Flashcards in Normal mitochondrial function -lecture 2 Deck (34):
What was originally thought about the complexes involved in the ETC ?
originally thought they were all distinct entities in the membrane but actually they form supercomplexes
What are the different combinations of the super complexes and why is it thought that they occur?
3 + 4
1 + 3
1 + 3 + 4
not fully understood but appears to relate to oxygen and substrate levels and likely serves to reduce ROS released form complexes 1 and 3
What is different about ATP synthase ?
it is scarcely part of the super complex unit but it can be found co-migrating as a dimer with other super complexes
What is the function of complex 4 in supercomplexes?
it is able to increase the catalytic activity by modifying the conformation of the super complex
What is the advantage of having super complexes?
- easier to mop up radical agents so there are less ROS
- also means they can immediately pass on electrons
What is an important property about mitochondria?
their extremely hyper polarised membrane potential- it can reach -150 to -180mV in the presence of ADP
Why do mitochondria have such a negative membrane potential?
because of the generation of the proton gradient by OXPHOS
- It is a good measure of how healthy the mitochondria are
What is JC1 staining used for ?
it is used for staining mitochondrial membrane potentials because it accumulates at very negative potentials forming JC1 complexes
What was shown about the JC1 staining in wt and mutant mouse embryonic fibroblasts?
in normal mouse embyronic fibroblasts there is lots of jc1 complex staining but in the defective cells the membrane potential is depolarised due to OXPHOS not functioning properly as there are defects in the fission process so there is little staining
What does the mitochondrial membrane potential form and what does this mean for calcium ions?

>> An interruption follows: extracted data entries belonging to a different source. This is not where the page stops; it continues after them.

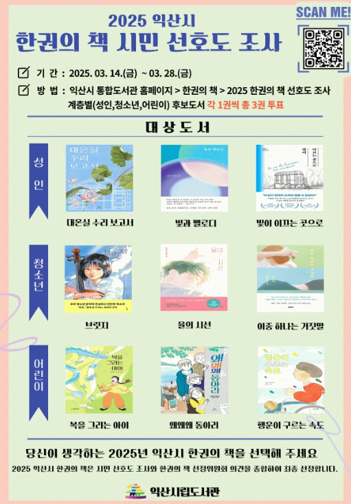 이번 선호도 조사는 익산시민 누구나 익산시 통합도서관 누리집에서 참여할 수 있고, 조사 결과와 선정위원회의 의견을 종합해 2025년 '한권의 책' 최종 도서가 확정된다.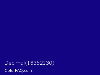 Decimal 18352130 Color is a dark indigo color and the nearest color is Ultramarine #120a8f. Hex code #120482 and RGB value is rgb(18,4,130). In RGB color space, this color is composed of 7% red, 2% green, 51% blue, In CMYK color space, this color is composed of 86% cyan, 97% magenta, 0% yellow , 49% black , In HSL color space, this color has a hue angle of 247° , 94% saturation and 26% lightness.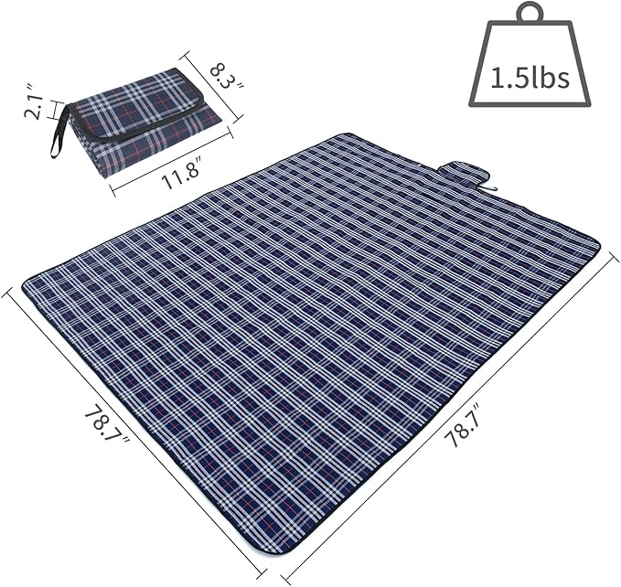 Wind Tour Family Outdoor Waterproof Durable Picnic Blankets with Carry Strap Foldable Sandproof Picnic Floor Mat for Kids Playground Camping Hiking Grass Travelling (1, Navy blue-78.7 * 78.7 in)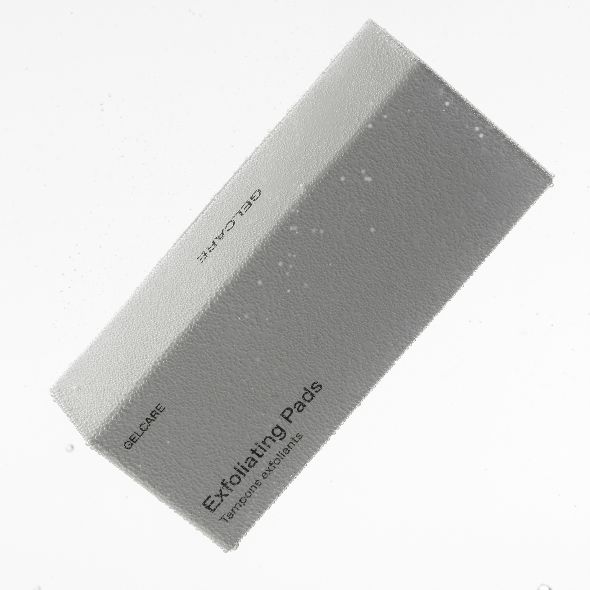 - Décoller un Tampon exfoliant Gelcare et placez-le sur le côté uni du manche à pédicure Gelcare.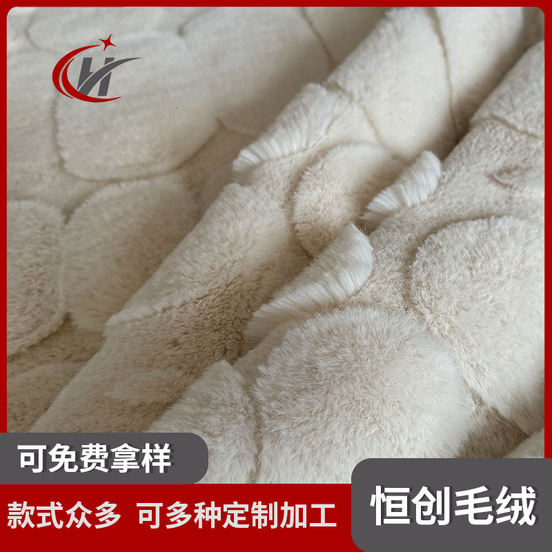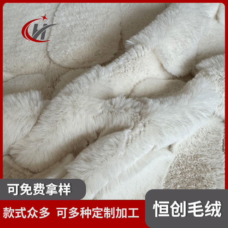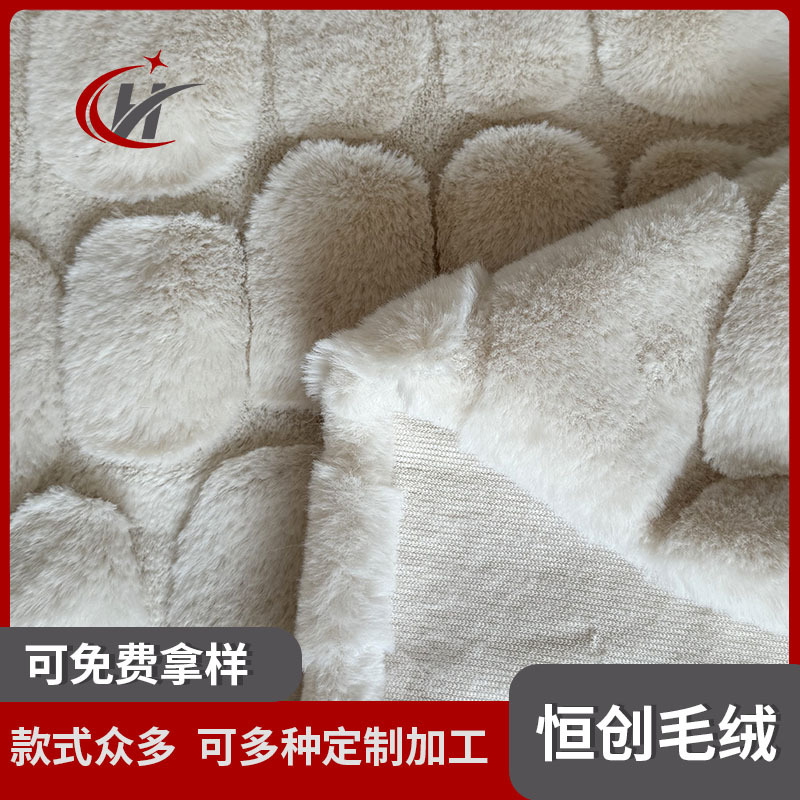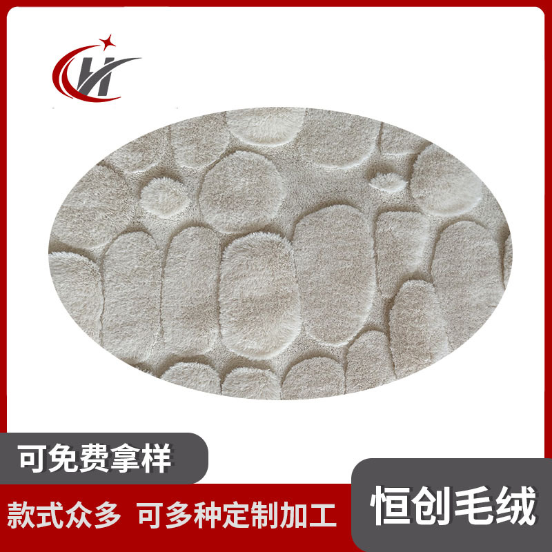 不规则鹅卵石形态三层提花仿兔毛面料 靠垫抱枕纬编提花长毛绒布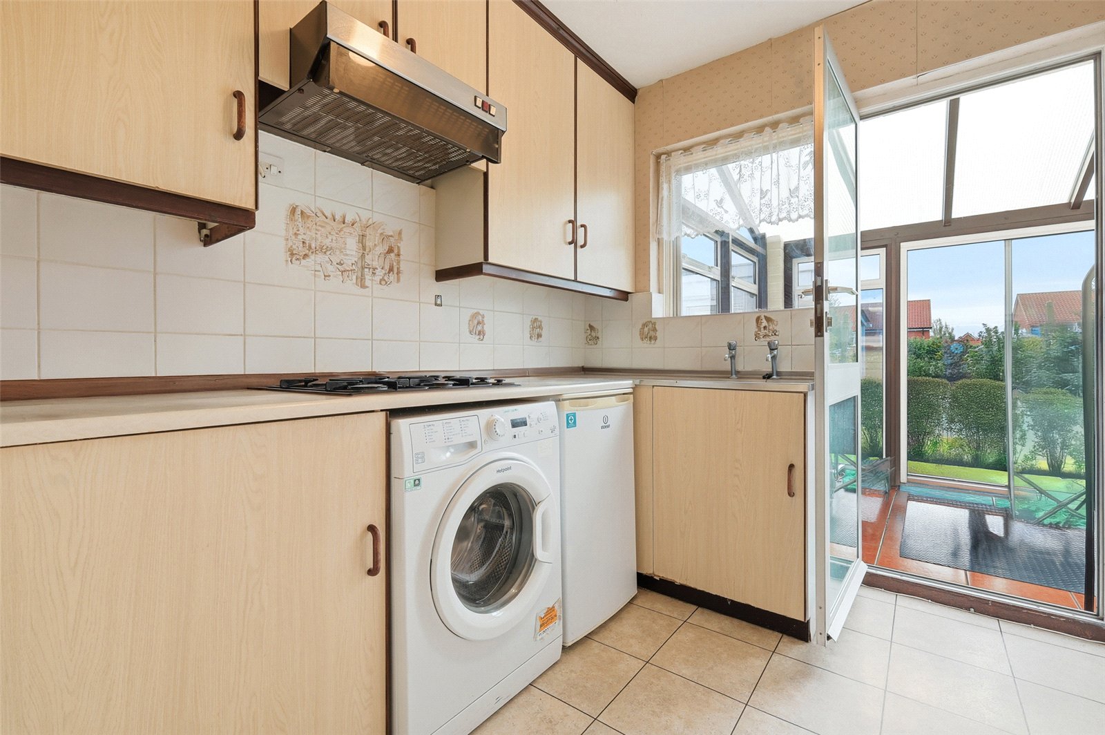 The Kitchen is fitted with a range of base and pelmeted eye level cabinets with rolled edged working surfaces and inset stainless steel sink unit. Tiling to splashback areas. Eye level electric cooker. Space for fridge. Space, plumbing and drainage for washing machine. Hob with cooker hood above. Window and glazed door leading to Conservatory.

It forms an intracellular gradient between intracellular millieu and the mitochondria which has a big heavy gradient for positive charged ions such as calcium ions
- when calcium uniporter is opened you immediately get calcium flowing into mitochondria down its concentration gradient therefore the mitochondria act as a calcium buffer when cytosolic calcium rises- this may smooth calcium dynamics
What does chronic hypoxia do ?
it loads the mitochondria with calcium and therefore individuals that have suffered periods of ischemia, are more likely to suffer from dementia
Which complexes produce ROS and what is a common one thats produced?
complex 1 and 3
- generate ROS specifically superoxide radicals that are highly damaging to mitochondrial DNA, membrane lipids and proteins and if they leak into the cell they can cause cellular damage
What is the main defence against superoxide radicals ?
1) MnSOD in mitochondria
2 + 3) Cu-Zn-SOD in the cytosol and extracellular space
What do dismutases do to superoxide radicals ?
they are very catalytically active enzymes and they dismutate superoxide radicals to hydrogen peroxide
- although hydrogen peroxide is a ROS, at low levels it isn't too bad and it is broken down by catalase to water and oxygen
What is interesting about ROS?
although they are damaging to cells they can also act as signalling molecules and are therefore important at a certain level
What are some other substances that remove ROS ?
Peridoxin and glutathione
What proteins are involved in fission process?
FIS1 and dynamic related protein 1 (DRP-1)
- Drp1 is a member of the large GTPase family ad is important in the final parts of the process
-FIS1 is present throughout the outer mitochondrial membrane and is thought to recruit DRP1 from the cytosol so it can localise at punctate foci on the outer mm
What does DRP1 do in fission ?
thought to form a ring around the mitochondrion and mediate constriction process at the plane of organelle fission
- maybe to act as a mechanoenzyme that changes angle of spiral on GTP hydrolysis similar to dynamin
- the 20nm internal diameter of dynamin helix is too small to wrap around typical 500-700nm wide mitochondrion so DRP1 helices could wrap around the mitochondrial constriction site like a twisted rope
What proteins are involved in fusion ?
dynamin family members - OPA1, mitofusin 1 and mitofusin 2
- OPA1 is a large GTPase located in inner and outer membrane
- mitofusin 1 and 2 form homo and hetero complexes with each other
Why is the n-terminal of mitofusin 1 needed for fusion?
because it is orientated towards the cytosol while the c-terminal coiled coil domain also faces the cytosol where it coordinates docking of mitochondria to one another through antiparallel binding to the c-terminal coiled coil domain of mitofusin 1 or 2 molecules on adjacent mitochondria
What was seen in mice with defects in fission ?
in WT mice the mitochondria are nicely spread out with long parts while in the mutant mice no fission is occurring so you get masses of mitochondria altogether because they can fuse but they cant break apart
these mutants die early of a massive cardiac related myopathy after about 6 months
What was seen in mice with defects in the fusion process?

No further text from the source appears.